More specifically, the present invention relates to the memory system wherein the light beam is focus controlled or tracking-controlled relative to the appropriate position of the data storing medium.
It is well known to effect information storing, reproducing or erasing onto an optical data storing medium such as a metal film, thermoplastics or magneto-optical magnetic film by means of an optical information recording and reproducing memory system.
In the above memory system, information data is optically or magneto-optically stored on or erased from the optical data storing medium by the formation of pits or by the phase transmuting of the film.
Therefore, when the memory system is operated in the data writing or erasing mode, a light source e.g. laser diode emits a high powered light beam so that the pit formation or phase transmuting can be performed on the data storing medium.
On the other hand, when the memory system is operated in the data reproducing mode (read-out mode), the light source emits a weakened light beam so that any destruction of the previously stored data can not occur on the data storing medium.
As above described, in the optical information recording and reproducing memory system, the light beam emitted from the light source is charged in its power (in other words intensity) depending on the operational modes.
Furthermore, the light beam is, in general, focus controlled and/or tracking-controlled so that the precisely positioned light spot can be directed to the data storing medium. The light spot is generally focused into about 1 micron meter or less in its diameter by means of the focusing control.

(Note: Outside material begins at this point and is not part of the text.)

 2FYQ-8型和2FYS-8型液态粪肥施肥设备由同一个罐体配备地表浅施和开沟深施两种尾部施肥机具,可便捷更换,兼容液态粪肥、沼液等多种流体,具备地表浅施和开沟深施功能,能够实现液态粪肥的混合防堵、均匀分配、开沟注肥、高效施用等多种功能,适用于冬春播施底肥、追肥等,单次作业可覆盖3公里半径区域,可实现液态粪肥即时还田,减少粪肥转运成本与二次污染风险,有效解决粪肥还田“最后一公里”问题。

The light beam control of the focusing and/or tracking is performed by means of the control system which comprises a control circuit and an optical system with an objective lens, a mirror and other optical components of an optical pickup.

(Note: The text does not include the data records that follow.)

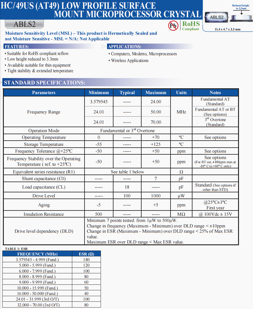 | ABLS2-18.432MHZ-D4Y-T | Abracon | ABLS2 | 18.432 MHz | ±30ppm | ±30ppm | 18 pF |
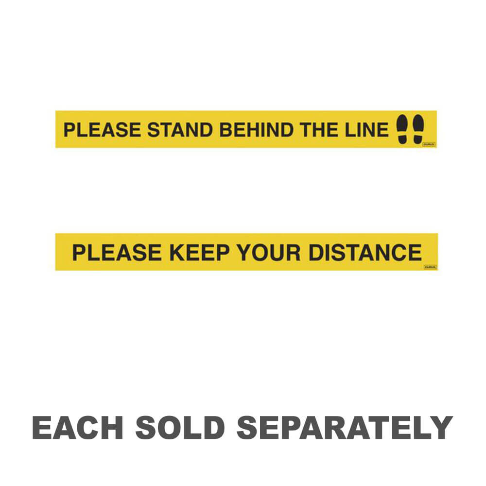Estas tiras adhesivas para pisos DURUS son un excelente artículo para tener en su lugar de trabajo y garantizar que los clientes sigan las medidas de distanciamiento social. Estos adhesivos son antideslizantes y se pueden usar en la mayoría de los tipos de pisos hasta por 3 meses. Vienen en tiras para trazar fácilmente los requisitos de distanciamiento en su negocio.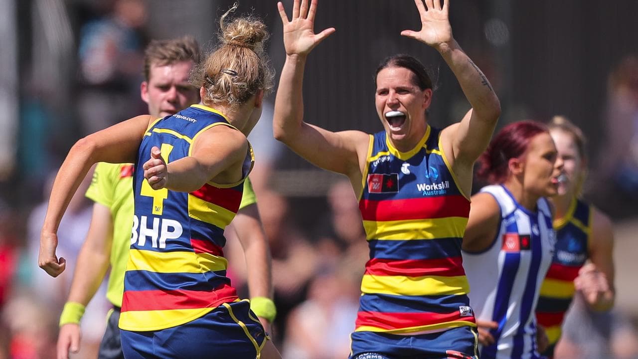 Niamh Kelly has kicked a clutch late goal to lift Adelaide to a thrilling three-point AFLW win over North Melbourne, locking in a top-two finish for the Crows.

The control system is fundamentally a servo loop control system. The light beam from the light source is transmitted or reflected by the data storing medium, and the light is detected by a dual- or quadruple-photo detector. The detector supplies a servo error signal to the control circuit. The control circuit drives the optical system depending on the servo error signal and the light beam is controlled to effect focusing and/or tracking in a closed loop manner.
To put it more concretely, the focusing control of the light beam is performed by the shift of the moving objective lens or the optical pickup which is driven by the control circuit depending on the focus error signal as a servo error signal. Also the tracking control of the light beam is performed by the shift of the objective lens position, or the change of the inclination of the mirror, or the shift of the optical pickup position by means of a voice coil motor which is driven by the control circuit depending on the tracking error signal as a servo error signal.

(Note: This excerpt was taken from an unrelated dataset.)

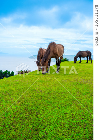 都井岬に生息する天然記念物の御崎馬が放牧地で草を食べる様子|馬イメージ|宮崎県串間市
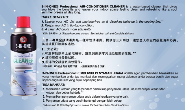 Rujuk sini untuk info harga dan spesifikasinya – WD40 Aircond cleaner

However, as previously described, the light source emits the high powered light beam and the weakened low powered light beam in the write mode and the read-out mode, respectively. Therefore, in the prior art, once the loop gain of the control system is adjusted to the write mode, the control system has to work in the poor control gain when the memory system is operated in the read-out mode. On the other hand, once the loop gain of the control system is adjusted to the read-out mode, the control system has to work in the excessive control gain when the memory system is operated in the write mode.
Thus the memory system in the prior art has a shortcoming of unstable control in the light beam focusing or tracking.
To overcome the above drawback, there is proposed an improved optical memory system in which the loop gain of the control system is changed by means of a change-over switch together with the change of the power of the light beam (Japanese Patent Application Laid-open No. 84-22290).
According to the prior art, the loop gain of the control system is changed by means of the switch depending on the operation mode of the memory system e.g. write mode or read-out mode.
However, the control system can not maintain the suitably controlled condition when there is a drop in the power of the light beam due to the degradation of the light source or others. Thus, there is still left the short coming of the poverty of the stable control in the light beam focusing and/or tracking in the memory system.
Besides the prior art above described, there is another prior art for the compensation of the drop in the power of light beam due to the degradation of the light source so as to maintain the suitably controlled condition of the control system.
In the above system, a part of the light beam emitted from the light source is splitted by an optical means e.g. beam splitter which is located in the light pass between the light source and the data storing medium. The intensity of the split light beam is detected by means of an especially located photo detector e.g. silicon photo-cell. Thus the control system can be operated to maintain the suitably controlled condition according to the signal detected by the photo detector (Journal of the SMPTE, vol. 83, pp. 557, 1975).
According to the prior art as above described, however, not only the beam splitter and other components are especially required for the system but also a part of the light beam is split away from the emitted light flux from the light source by means of the beam splitter. Thus the light beam which is originally used for the irradiation onto the data storing medium is partially used for the detecting of the light power. Furthermore it is difficult to shoot the cause of the trouble due to the degradation of the light source or the matter with the optical means.